= Dataset records =

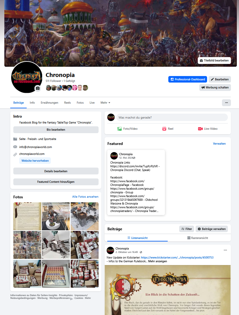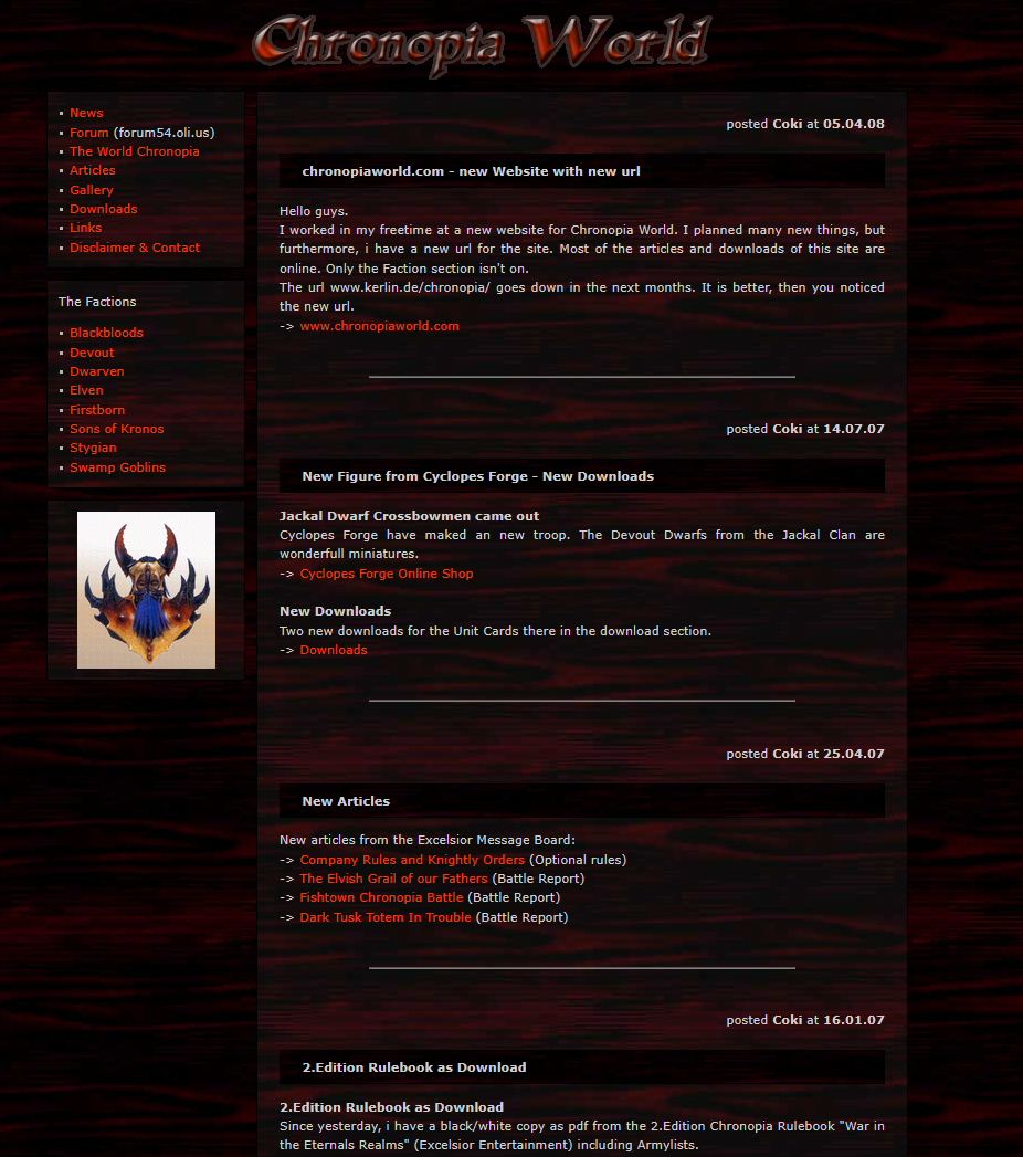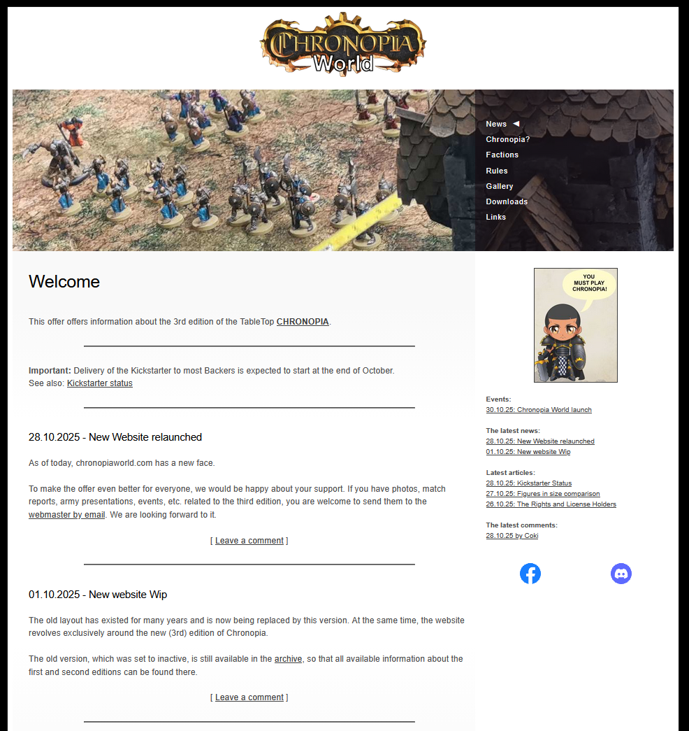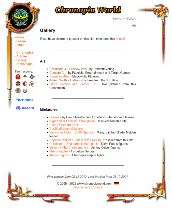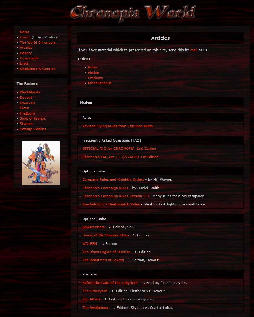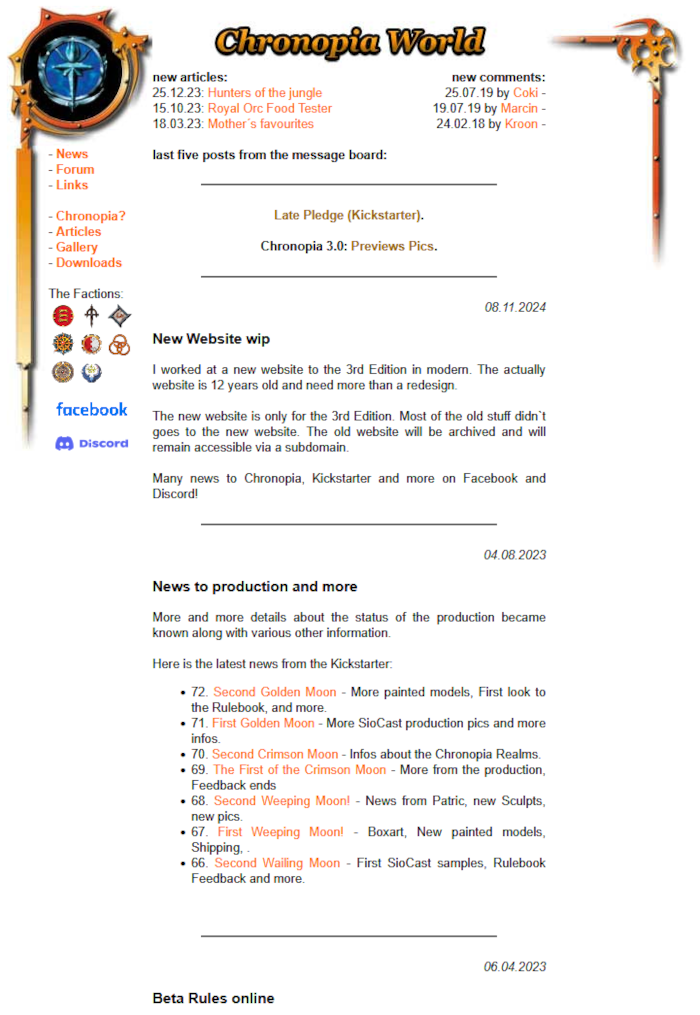 Over time, many articles have gone online on both Chronopia Deutschland (1156x) and Chronopia World (587x). Tens of thousands of files, especially images and downloads, are or were available to the visitor. Special projects such as the extensive product databases, but also the game values for each character/unit have cost enormous work and time.
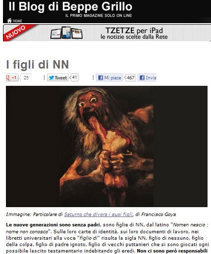 Sul blog di Beppe Grillo è comparso un capolavoro. Non si tratta di qualche pillola di saggezza o frase “illuminante” ma di un vero capolavoro: “Saturno che divora i suoi figli”. Un particolare del dipinto che Grillo ha usato per scrivere un nuovo post. Manie di onnipotenza o rabbia sempre più imperante? Forse la seconda, dato che le ultime parole del leader del Movimento Cinque Stelle sono state “In Parlamento siete tutti puttanieri. Bersani come Berlusconi e D’Alema, li cacceremo.”
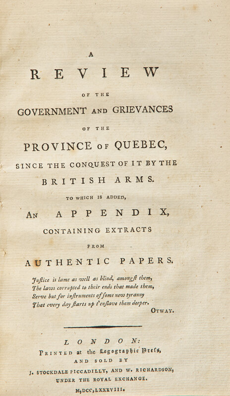 Scarce first edition of this polemic against the government of the Province of Quebec, published in the lead up to the passage of the Constitutional Act of 1791. Variously attributed to Adam Lymburner (1745/46-1836), a Scottish merchant, colonial agent, and politician, as well as English lawyer and attorney general of Quebec, Francis Maseres (1731-1824), both of whom lobbied for constitutional reforms in the colony.
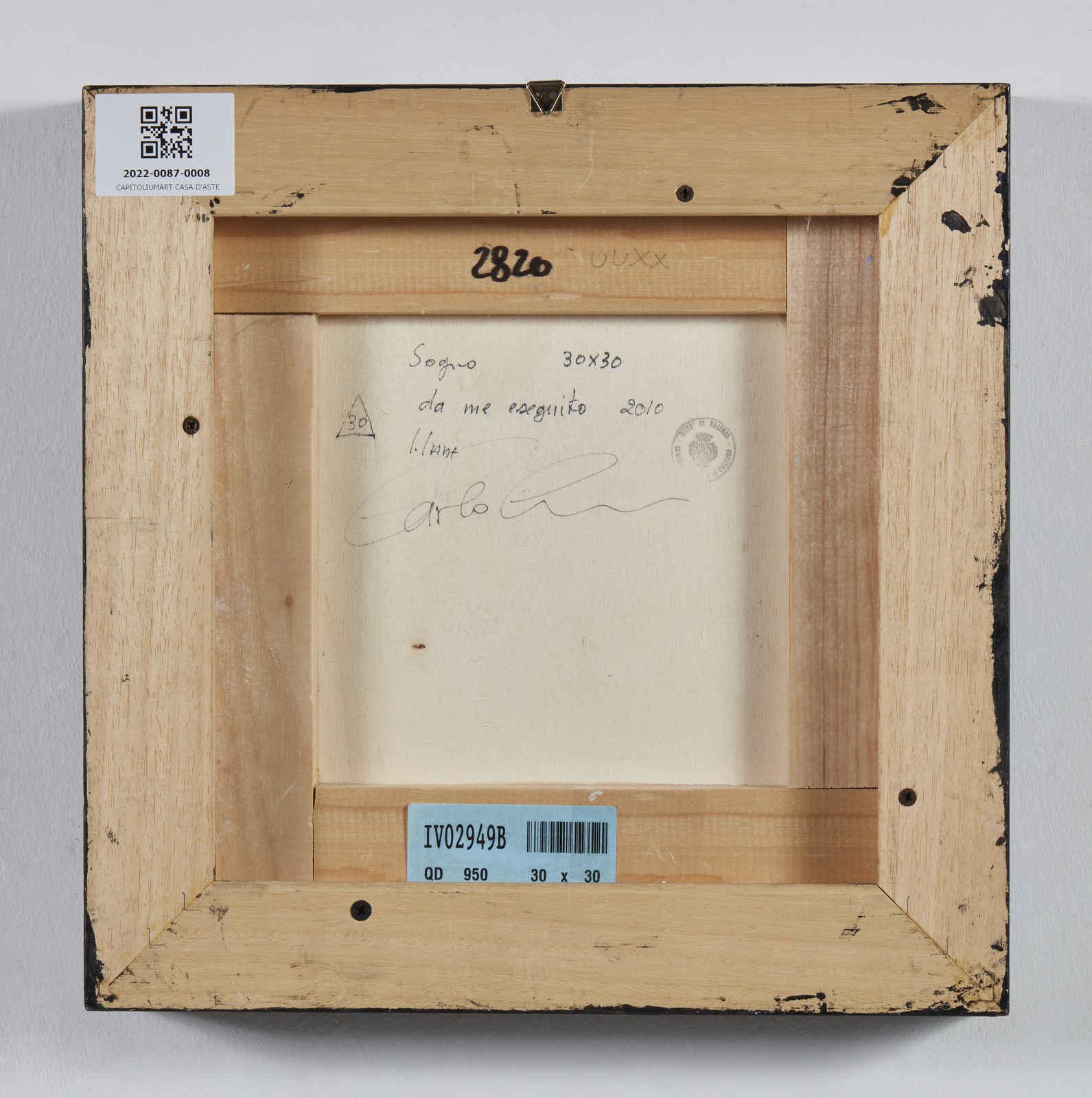 CANE CARLO (n. 1951) Sogno. 2010. Olio su tela e tavola. Cm 30,00 x 30,00. Al retro titolo, firma e anno. Certificato di garanzia Stockmarket, Milano. Cornice presente
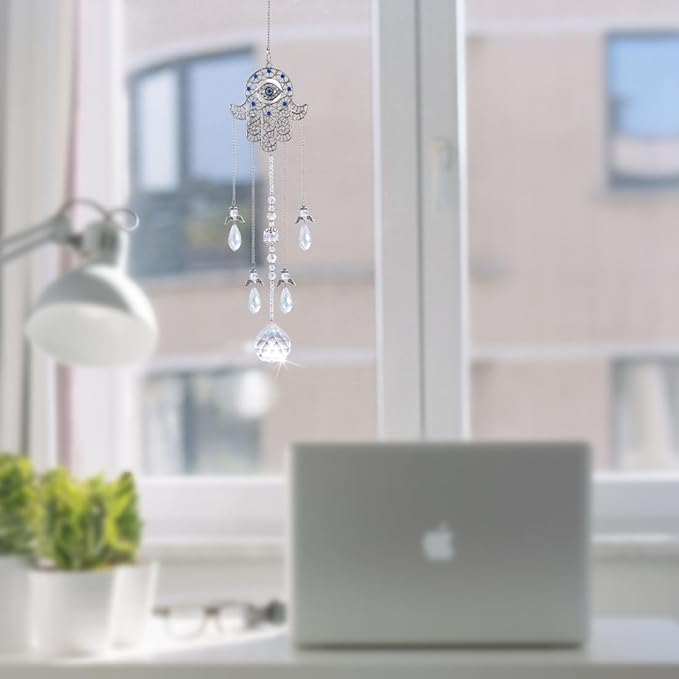 - The suncatcher ornament/pendant is consist of Hamsa hand,Turkish blue evil eye,guardian angel,crystal ball prisms and chakra healing crystal beads full of positive energies
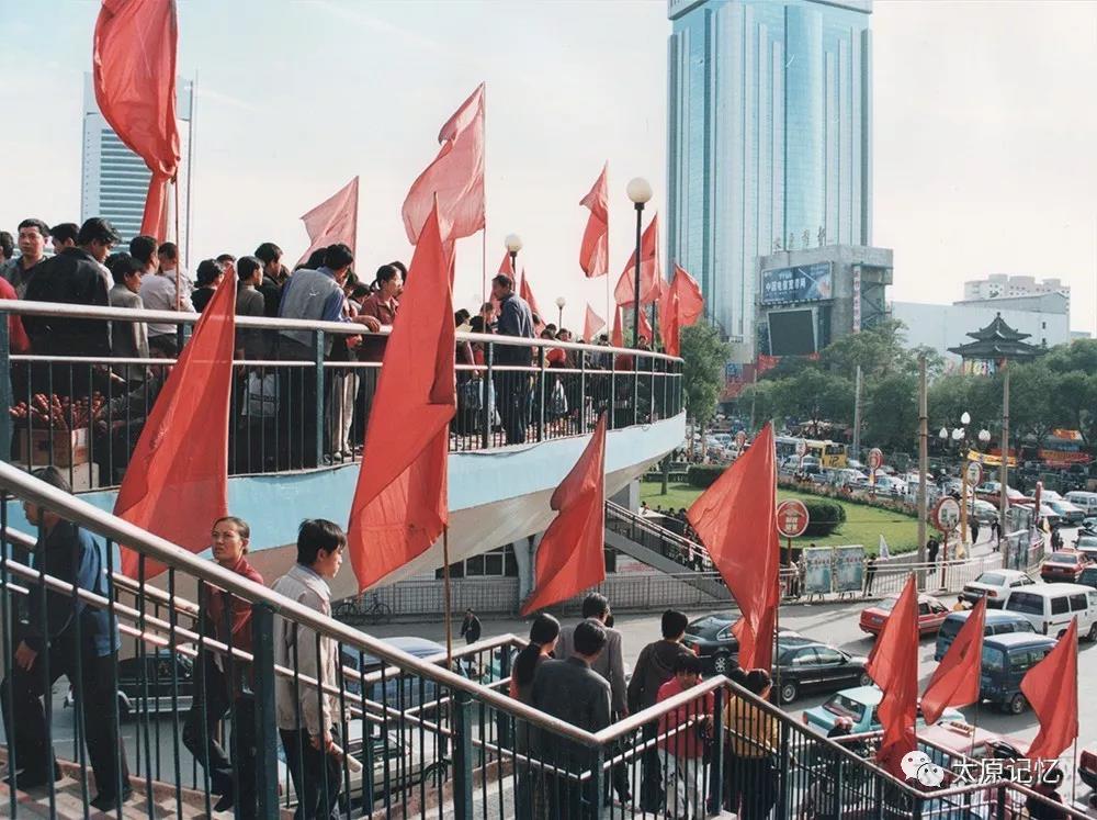 位于寬銀幕十字路口、五一大樓交叉路口的人行天橋開放通行,這是太原首次建造人行天橋。圖為國慶期間五一大樓交叉口的人行天橋。

= What is expected =
Reproduce exactly and only the lines from the one with "CANE CARLO (n." through the final line of the records above, inclusive. Pictures must be left out.

= Answer space =
 CANE CARLO (n. 1951) Sogno. 2010. Olio su tela e tavola. Cm 30,00 x 30,00. Al retro titolo, firma e anno. Certificato di garanzia Stockmarket, Milano. Cornice presente
 - The suncatcher ornament/pendant is consist of Hamsa hand,Turkish blue evil eye,guardian angel,crystal ball prisms and chakra healing crystal beads full of positive energies
 位于寬銀幕十字路口、五一大樓交叉路口的人行天橋開放通行,這是太原首次建造人行天橋。圖為國慶期間五一大樓交叉口的人行天橋。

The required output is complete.